=== Work required ===
With the pictures excluded, repeat every entry exactly.

=== Extracted material ===
---+---
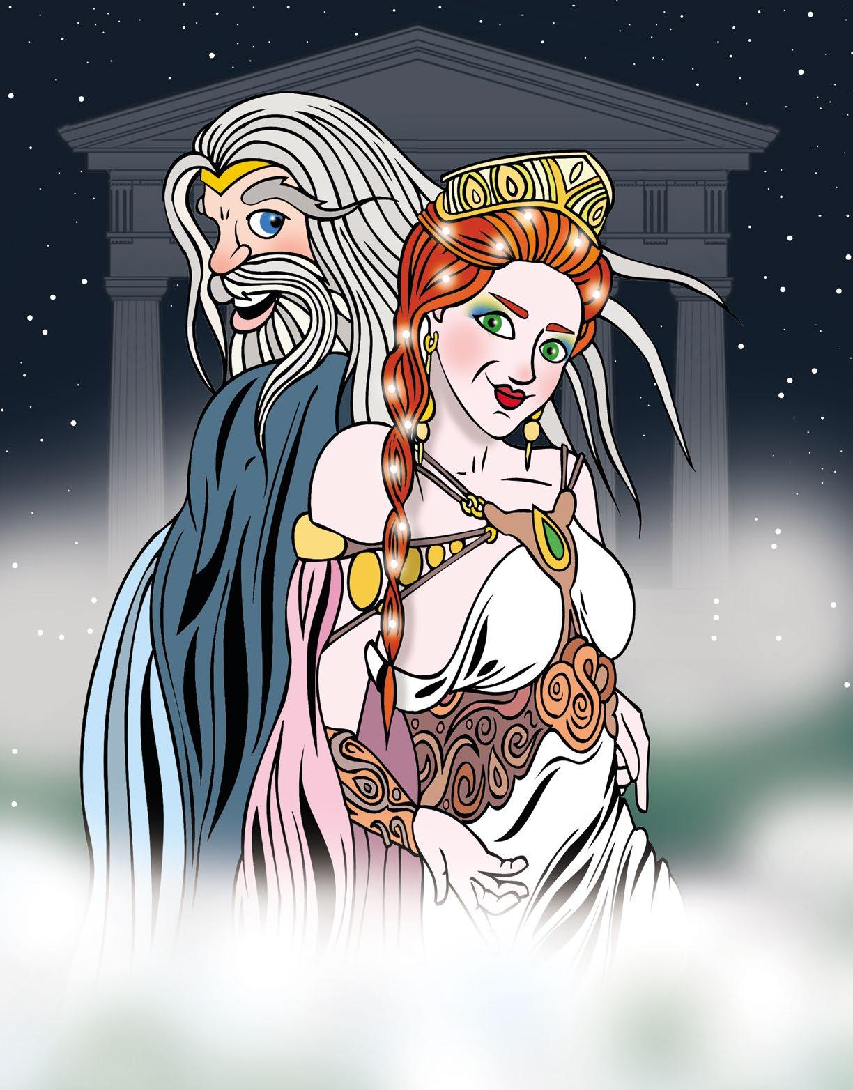 „Ehm, ehm, ehm,“ odkašlal si Héřin manžel, bůh Zeus, „s tvým laskavým dovolením, ženo má nejdražší, nejvyšší bůh jsem tady na Olympu já. Takže porady vedu, a tedy rov
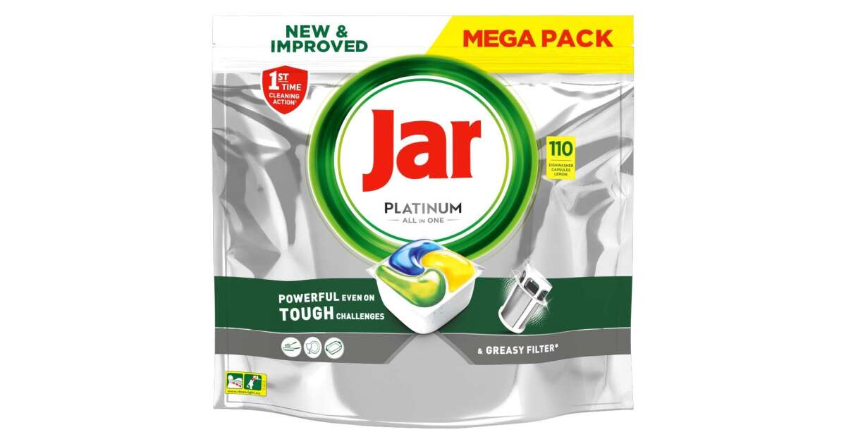 Genieße strahlend saubere Geschirr mit den Jar Platinum All-in-One Spülmaschinentabs! Diese hochwirksame Formel entfernt selbst hartnäckige Verschmutzungen, damit du mehr Zeit für die wichtigen Dinge hast. Die Tabs enthalten Salz und Klarspüler, schützen Glas und Silberbesteck. Der angenehme Zitronenduft sorgt für Frische in deiner Küche. 🍋
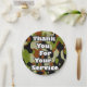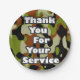 Paper Plates for Memorial and Veterans Days, green camo with white letters, "Thank you for your service."
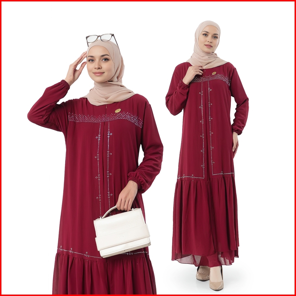 Adiva Maxi Baju Gamis Bahan Ceruti Babydoll Mix Swaroski Dress Kondangan Mewah Elegant Ukuran Xl Xxl
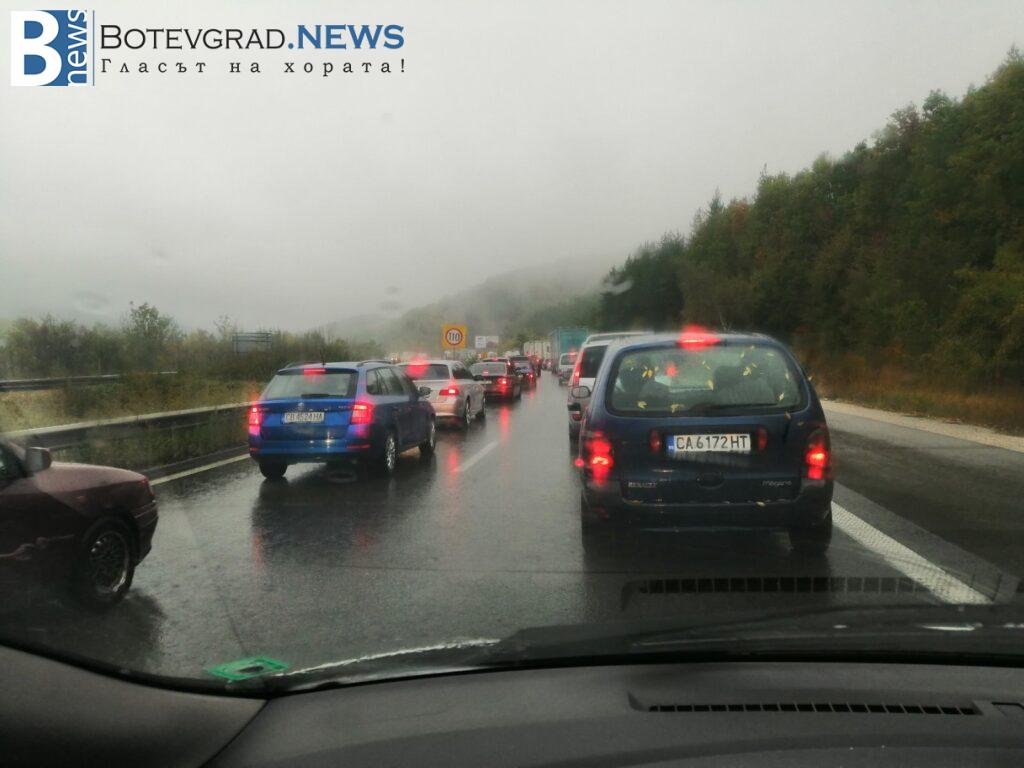 За пореден път в петъчният ден се образува задръстване от автомобили по автомагистрала „Хемус“. Този път тапата е в посока Ботевград между тунелите „Топли дол“ и „Ечемишка“. Заради лошите метеорологични условия пътят е мокър. Шофирайте внимателно!
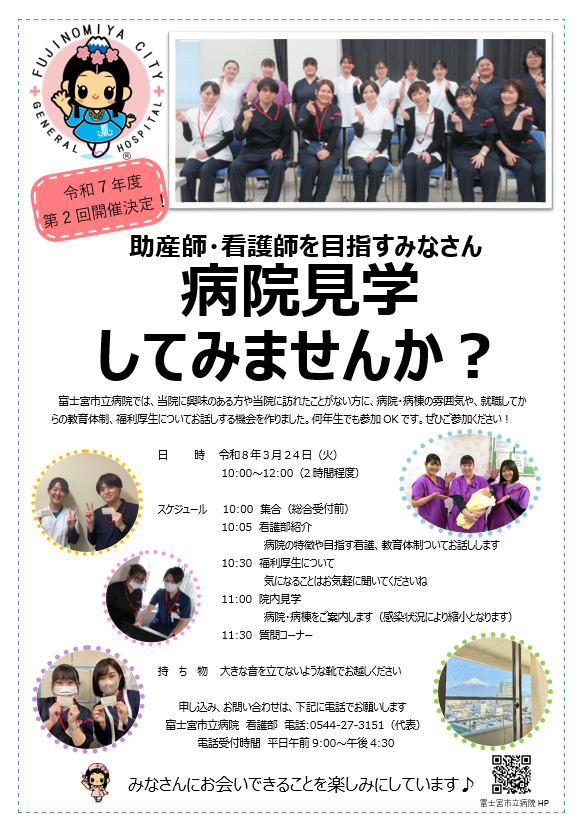 当院の雰囲気や福利厚生について知りたい看護学生さんに向けて、令和7年度「第2回病院見学会」を来年3月24日火曜日に開催します。 今年度は2か月に1回、採用試験を実施しています。採用試験受験の前に見学したい既卒者の方も大歓迎です。ご予約は電話で受け付けています。お一人での参加も、お友達との参加もOKです。みなさんのお電話をお待ちしています。
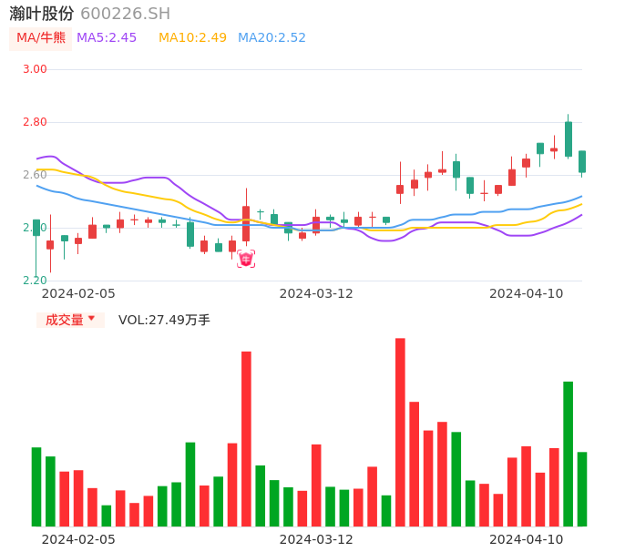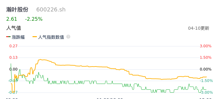 04月10日,瀚叶股份收报2.61,股价涨幅-2.25%,成交金额7220.25万元,换手率0.88%。
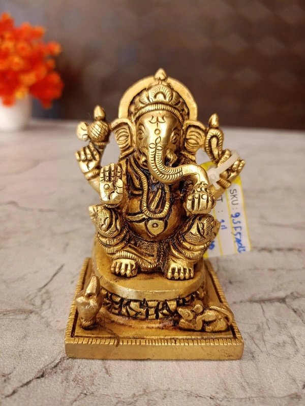 Brass Ganesha statue Sitting On Square base With Kalasam / Anchor Your Home in Divine Tranquility with Our Seated Brass Ganesha Idol
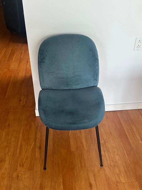 Looking to sell this stylish blue velvet accent chair. It's in great condition and would look lovely in any room! The chair is 34" (86 cm) tall, 22" (56 cm) wide, and 19" (47 cm) deep. Bought originally for $280. Asking Price : $115 . Pick up on West 8th only.
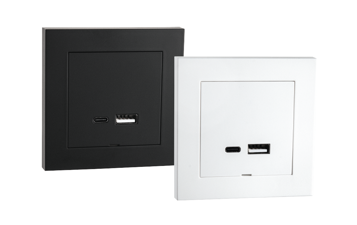 USB-laddare passar i standardväggdosa eller förhöjningsram och kan användas i ramar tillsammans med annat infällt material.Tillverkade av halogenfritt polykarbonat som ger den vita färgen bättre färgbeständighet. Den svarta har genomfärgat svart material, vilket gör den tålig mot repor och märken.
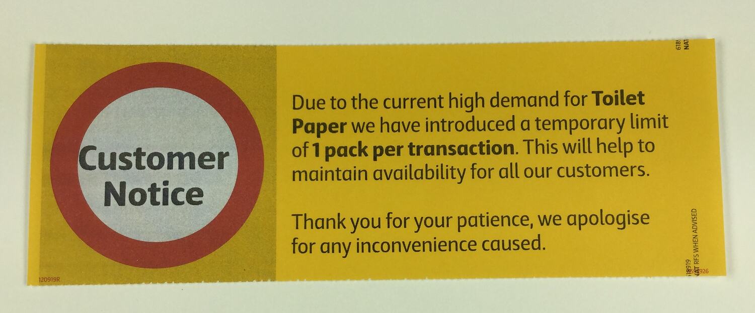 Front, left, printed: White circle and red ring encircling the words in black text, 'Customer / Notice' Front, right, printed, black text: "Due to the current high demand for Toilet / Paper we have introduced a temporary limit / of 1 pack per transaction. This will help to / maintain availability for all our customers. / Thank you for your patience, we apologise / for any inconvenience caused."
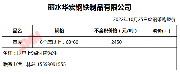 今日丽水华宏钢铁制品有限公司废钢采购报价已更新,有货的朋友欢迎联系我们!
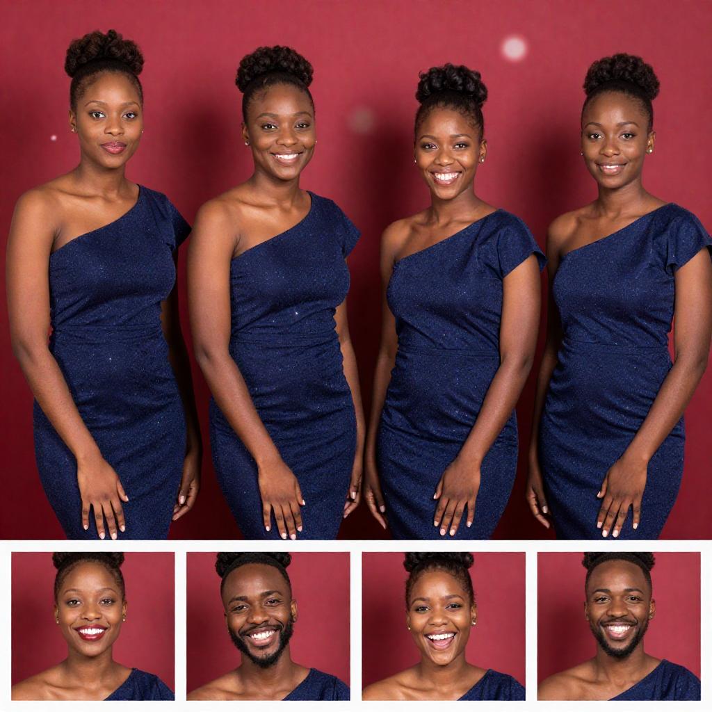 Photograph of four Black women with dark skin, wearing sparkly, dark blue, one-shoulder dresses, standing in a row on a red, starry background. Their hair is styled in high buns. Smiling and posing confidently. Insert of five close-up photos of a man and woman smiling and laughing. Red background with bokeh light effects.
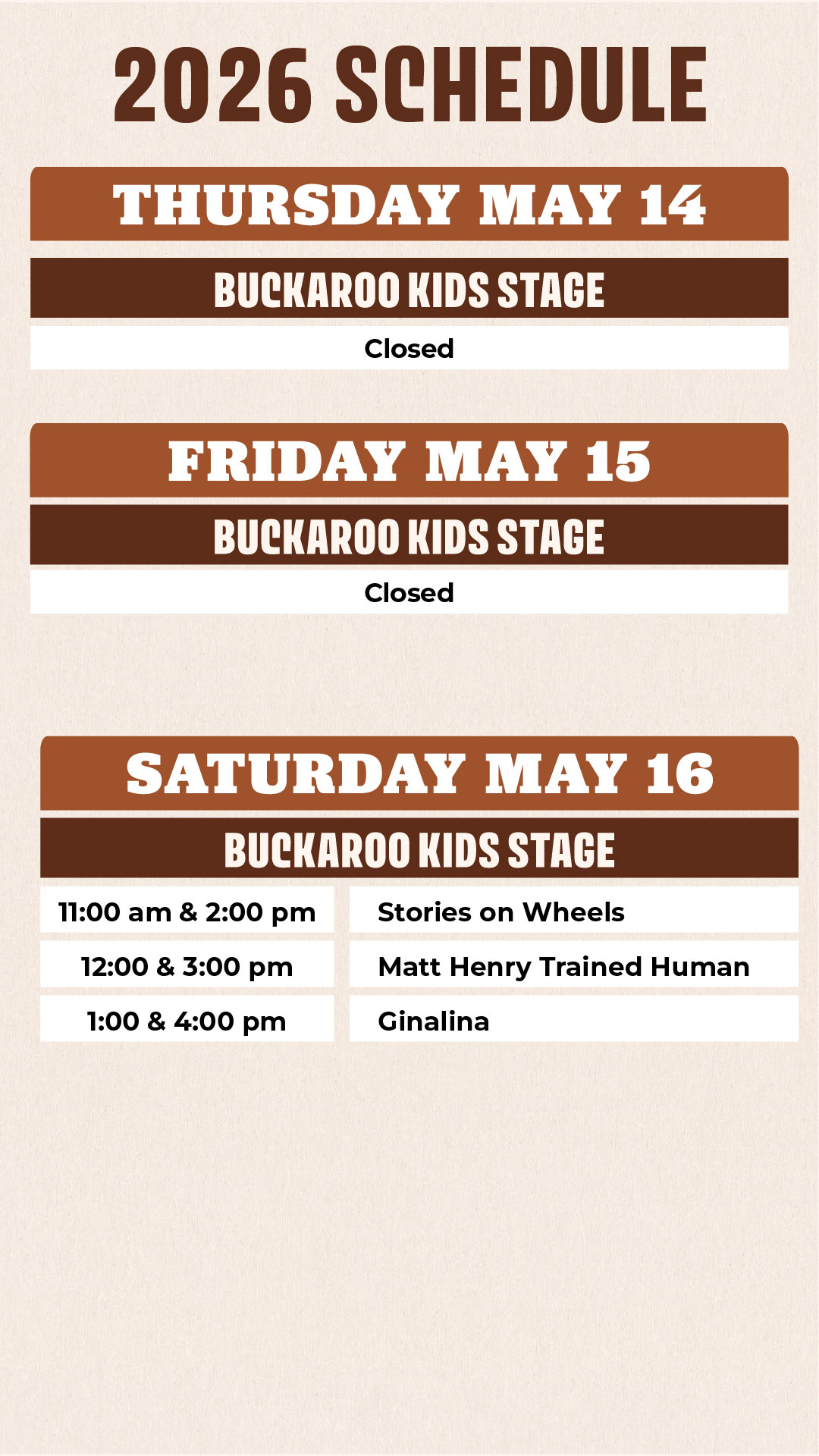 Buckaroo Kids Corral Schedule
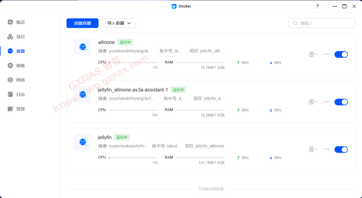 15、看到项目中有2个容器(2024年12月25日更新:由于av3a-assistant这个项目作者已经删库,实际运行中只有2个容器),显示“运行中”,就表示可以使用了;
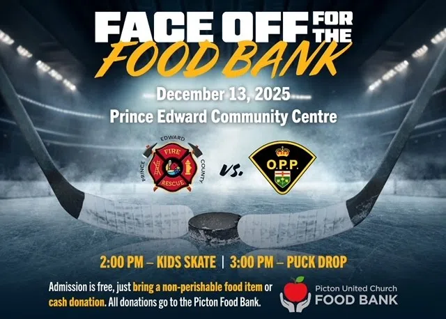 The Face Off for the Food Bank charity hockey game will take place this afternoon for 3pm in Picton at the Prince Edward Community Centre (375 Picton Main St). Prince Edward County Fire & Rescue a...
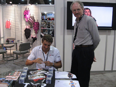 TYR's booth at Interbike was impressive. We had a great location right near the front of the show. You can get lost at the show, since it's so big. Luckily, TYR had a banner hanging from the ceiling to easily locate the booth.
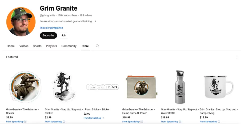 Outdoor and survivalist YouTuber Grim Granite sells merchandise to loyal followers through the platform.
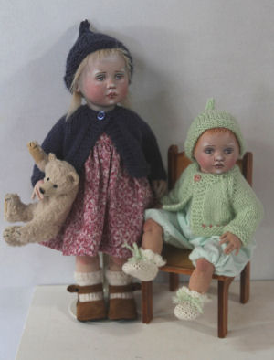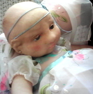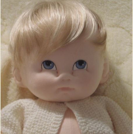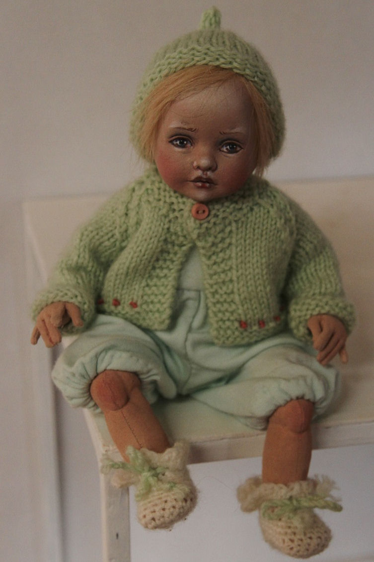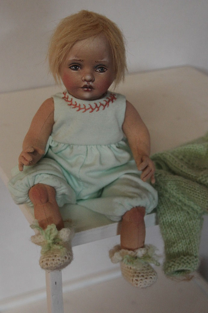 a touch of pink embroidery, a knitted hat and cardigan and crochet booties. "Baby's" head is made from moulded knit fabric over a paperclay support and it has been sealed and then painted with artist's acrylics. Her hair is blonde fur fabric, painstakingly applied.
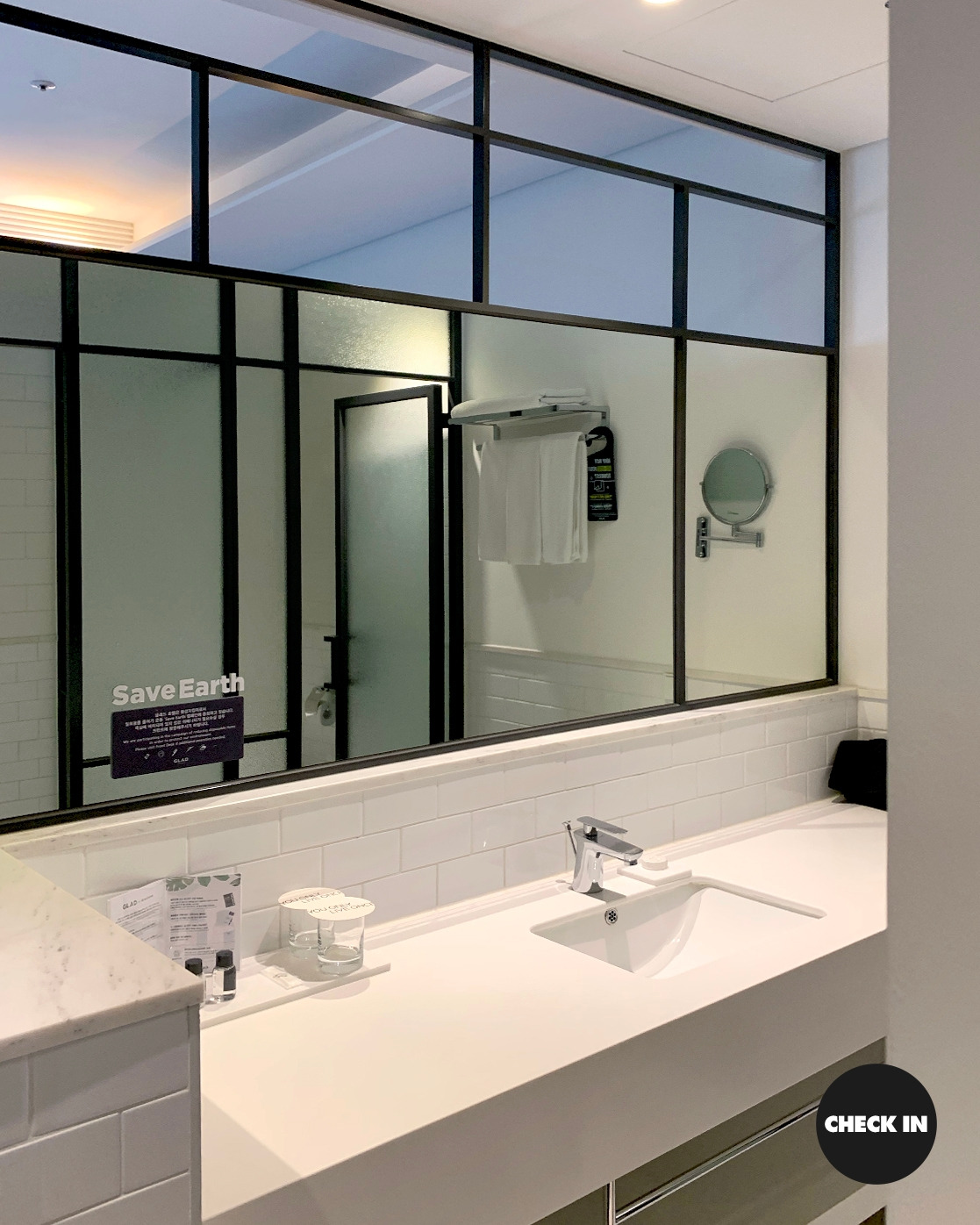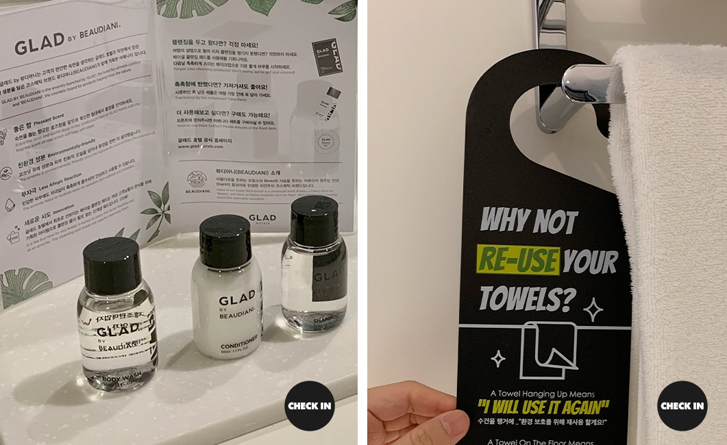 1회용 어메니티를 최소화하고 다 쓴 수건 및 사용한 침구류는 요청시 교체할 수 있으며, 수건의 경우 가급적이면 재사용을 권장하는 글래드라이브 강남.
---+---
=== Written response ===
 „Ehm, ehm, ehm,“ odkašlal si Héřin manžel, bůh Zeus, „s tvým laskavým dovolením, ženo má nejdražší, nejvyšší bůh jsem tady na Olympu já. Takže porady vedu, a tedy rov
 Genieße strahlend saubere Geschirr mit den Jar Platinum All-in-One Spülmaschinentabs! Diese hochwirksame Formel entfernt selbst hartnäckige Verschmutzungen, damit du mehr Zeit für die wichtigen Dinge hast. Die Tabs enthalten Salz und Klarspüler, schützen Glas und Silberbesteck. Der angenehme Zitronenduft sorgt für Frische in deiner Küche. 🍋
 Paper Plates for Memorial and Veterans Days, green camo with white letters, "Thank you for your service."
 Adiva Maxi Baju Gamis Bahan Ceruti Babydoll Mix Swaroski Dress Kondangan Mewah Elegant Ukuran Xl Xxl
 За пореден път в петъчният ден се образува задръстване от автомобили по автомагистрала „Хемус“. Този път тапата е в посока Ботевград между тунелите „Топли дол“ и „Ечемишка“. Заради лошите метеорологични условия пътят е мокър. Шофирайте внимателно!
 当院の雰囲気や福利厚生について知りたい看護学生さんに向けて、令和7年度「第2回病院見学会」を来年3月24日火曜日に開催します。 今年度は2か月に1回、採用試験を実施しています。採用試験受験の前に見学したい既卒者の方も大歓迎です。ご予約は電話で受け付けています。お一人での参加も、お友達との参加もOKです。みなさんのお電話をお待ちしています。
 04月10日,瀚叶股份收报2.61,股价涨幅-2.25%,成交金额7220.25万元,换手率0.88%。
 Brass Ganesha statue Sitting On Square base With Kalasam / Anchor Your Home in Divine Tranquility with Our Seated Brass Ganesha Idol
 Looking to sell this stylish blue velvet accent chair. It's in great condition and would look lovely in any room! The chair is 34" (86 cm) tall, 22" (56 cm) wide, and 19" (47 cm) deep. Bought originally for $280. Asking Price : $115 . Pick up on West 8th only.
 USB-laddare passar i standardväggdosa eller förhöjningsram och kan användas i ramar tillsammans med annat infällt material.Tillverkade av halogenfritt polykarbonat som ger den vita färgen bättre färgbeständighet. Den svarta har genomfärgat svart material, vilket gör den tålig mot repor och märken.
 Front, left, printed: White circle and red ring encircling the words in black text, 'Customer / Notice' Front, right, printed, black text: "Due to the current high demand for Toilet / Paper we have introduced a temporary limit / of 1 pack per transaction. This will help to / maintain availability for all our customers. / Thank you for your patience, we apologise / for any inconvenience caused."
 今日丽水华宏钢铁制品有限公司废钢采购报价已更新,有货的朋友欢迎联系我们!
 Photograph of four Black women with dark skin, wearing sparkly, dark blue, one-shoulder dresses, standing in a row on a red, starry background. Their hair is styled in high buns. Smiling and posing confidently. Insert of five close-up photos of a man and woman smiling and laughing. Red background with bokeh light effects.
 Buckaroo Kids Corral Schedule
 15、看到项目中有2个容器(2024年12月25日更新:由于av3a-assistant这个项目作者已经删库,实际运行中只有2个容器),显示“运行中”,就表示可以使用了;
 The Face Off for the Food Bank charity hockey game will take place this afternoon for 3pm in Picton at the Prince Edward Community Centre (375 Picton Main St). Prince Edward County Fire & Rescue a...
 TYR's booth at Interbike was impressive. We had a great location right near the front of the show. You can get lost at the show, since it's so big. Luckily, TYR had a banner hanging from the ceiling to easily locate the booth.
 Outdoor and survivalist YouTuber Grim Granite sells merchandise to loyal followers through the platform.
 a touch of pink embroidery, a knitted hat and cardigan and crochet booties. "Baby's" head is made from moulded knit fabric over a paperclay support and it has been sealed and then painted with artist's acrylics. Her hair is blonde fur fabric, painstakingly applied.
 1회용 어메니티를 최소화하고 다 쓴 수건 및 사용한 침구류는 요청시 교체할 수 있으며, 수건의 경우 가급적이면 재사용을 권장하는 글래드라이브 강남.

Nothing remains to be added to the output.